Supported AI Processors¶

Ascend950PR (A5 family)

Directory Layout¶

kernels/manual/a5/allgather_gemm/
├── main.cpp                           # Host entry: HCCL init, dual-stream dispatch, warmup, verification, perf stats
├── allgather_gemm_comm_kernel.cpp     # AIV communication kernel: AllGather via TPUT
├── allgather_gemm_compute_kernel.cpp  # AIC compute kernel: streaming GEMM with chunk-flag waiting
├── kernel_launch.hpp                  # Host-side kernel launcher declarations
├── ready_queue.hpp                    # ChunkFlagMatrix / summary counter metadata
├── run.sh                             # Build & run script (env detection, shape/block overrides, multi-rank launch)
├── scripts/
│   └── gen_data.py                    # Input data generation (FP16 A slices + B + golden.bin)
└── CMakeLists.txt                     # Build configuration

Operator Description¶

Function¶

This example implements AllGather followed by GEMM:

\[ C = A \times B \]

Where:

Each of n_ranks ranks holds a local M-slice of A: rows [rank * M/n_ranks, (rank+1) * M/n_ranks).
B is replicated across all ranks (K × N, FP16).
After AllGather collects the full A (M × K, FP16), each rank computes the full C (M × N, FP32).

The AllGather and GEMM are fused into a streaming pipeline so that computation begins before the full AllGather completes.

Specification¶

Item	Value
OpType	`AllGather + GEMM` (communication-compute fusion)
Inputs	`A`: `M × K`, `float16`, `ND` (M-sliced across ranks); `B`: `K × N`, `float16`, `ND` (replicated)
Output	`C`: `M × N`, `float32`, `ND`
Comm kernel	`RingCommStreamingKernel` (AIV)
Compute kernel	`AllGatherGemmComputeStreamingKernel` (AIC)

Architecture¶

Dual-Stream Concurrency¶

The communication and compute kernels run on two independent AICPU streams, launched concurrently from the host:

Comm stream → RingCommStreamingKernel runs on AIV (Vector) cores.
Compute stream → AllGatherGemmComputeStreamingKernel runs on AIC (Cube) cores.

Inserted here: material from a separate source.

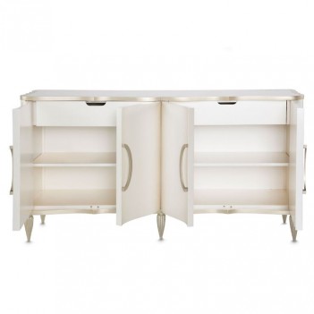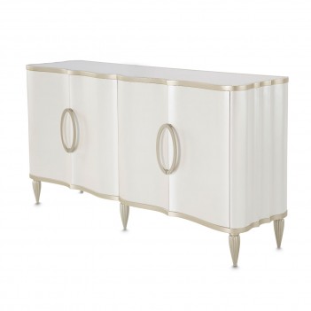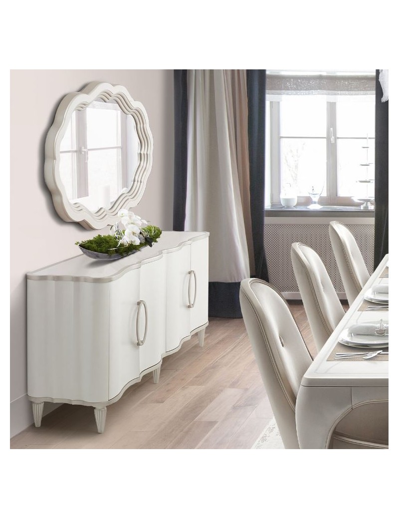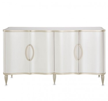 Set your dining room aglow with the London Place Sideboard! Sophisticated hardware, pearly finishes, and a scalloped design and make any space shine with classy style.

The host dispatches both kernels back-to-back and synchronizes after both complete.

AI Core Resources¶

Unit	Hardware Engine	Role in This Example
AIC (Cube)	Matrix engine	Compute kernel: GEMM (`TMATMUL` / `TMATMUL_ACC`)
AIV (Vector)	Vector / DMA	Comm kernel: RDMA data transfer (`TPUT`) + signaling (`TNOTIFY`)

Streaming Pipeline¶

Sequential execution:
  [ AllGather completes entirely ] ──► [ GEMM completes entirely ]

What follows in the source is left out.